* **Input**:
···

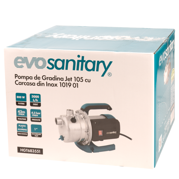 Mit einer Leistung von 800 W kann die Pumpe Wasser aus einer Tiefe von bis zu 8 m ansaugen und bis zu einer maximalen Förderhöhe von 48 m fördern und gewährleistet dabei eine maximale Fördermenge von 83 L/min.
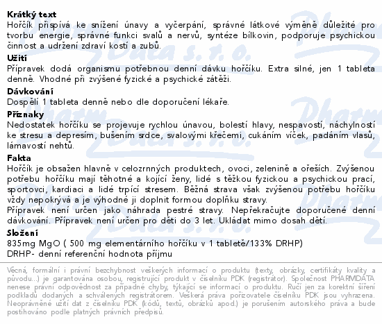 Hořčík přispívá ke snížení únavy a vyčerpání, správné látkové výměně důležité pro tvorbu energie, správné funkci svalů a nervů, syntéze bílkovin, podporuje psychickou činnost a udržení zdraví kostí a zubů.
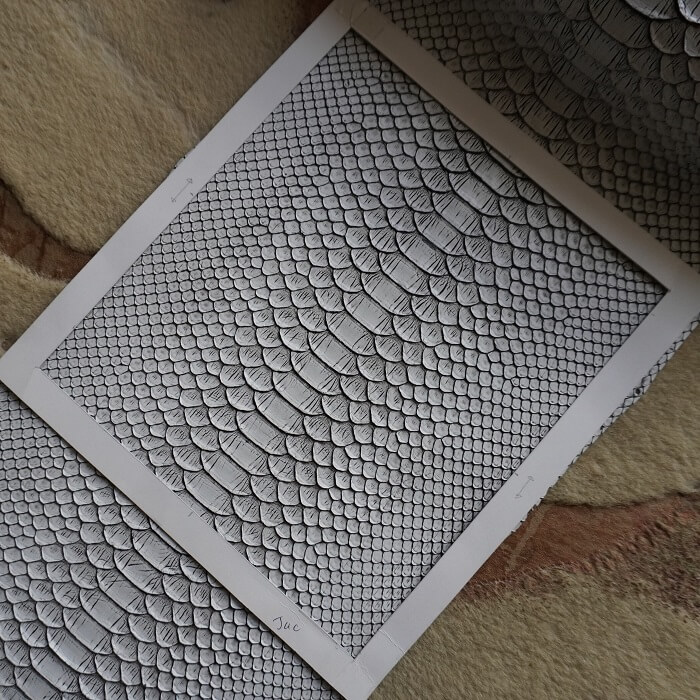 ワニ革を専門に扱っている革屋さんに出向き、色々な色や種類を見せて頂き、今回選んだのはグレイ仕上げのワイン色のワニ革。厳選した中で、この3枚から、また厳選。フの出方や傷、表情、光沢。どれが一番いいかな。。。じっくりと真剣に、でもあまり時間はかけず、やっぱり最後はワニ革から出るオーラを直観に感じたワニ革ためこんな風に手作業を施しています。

···

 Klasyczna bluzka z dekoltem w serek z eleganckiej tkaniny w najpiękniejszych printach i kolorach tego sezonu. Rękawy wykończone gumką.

···

* **What the task requires**:
From the records above, copy only the lines running from the line containing "Mit einer Leistung" to the line containing "Hořčík přispívá ke", both ends included. Leave the pictures out.

* **Solution**:
 Mit einer Leistung von 800 W kann die Pumpe Wasser aus einer Tiefe von bis zu 8 m ansaugen und bis zu einer maximalen Förderhöhe von 48 m fördern und gewährleistet dabei eine maximale Fördermenge von 83 L/min.
 Hořčík přispívá ke snížení únavy a vyčerpání, správné látkové výměně důležité pro tvorbu energie, správné funkci svalů a nervů, syntéze bílkovin, podporuje psychickou činnost a udržení zdraví kostí a zubů.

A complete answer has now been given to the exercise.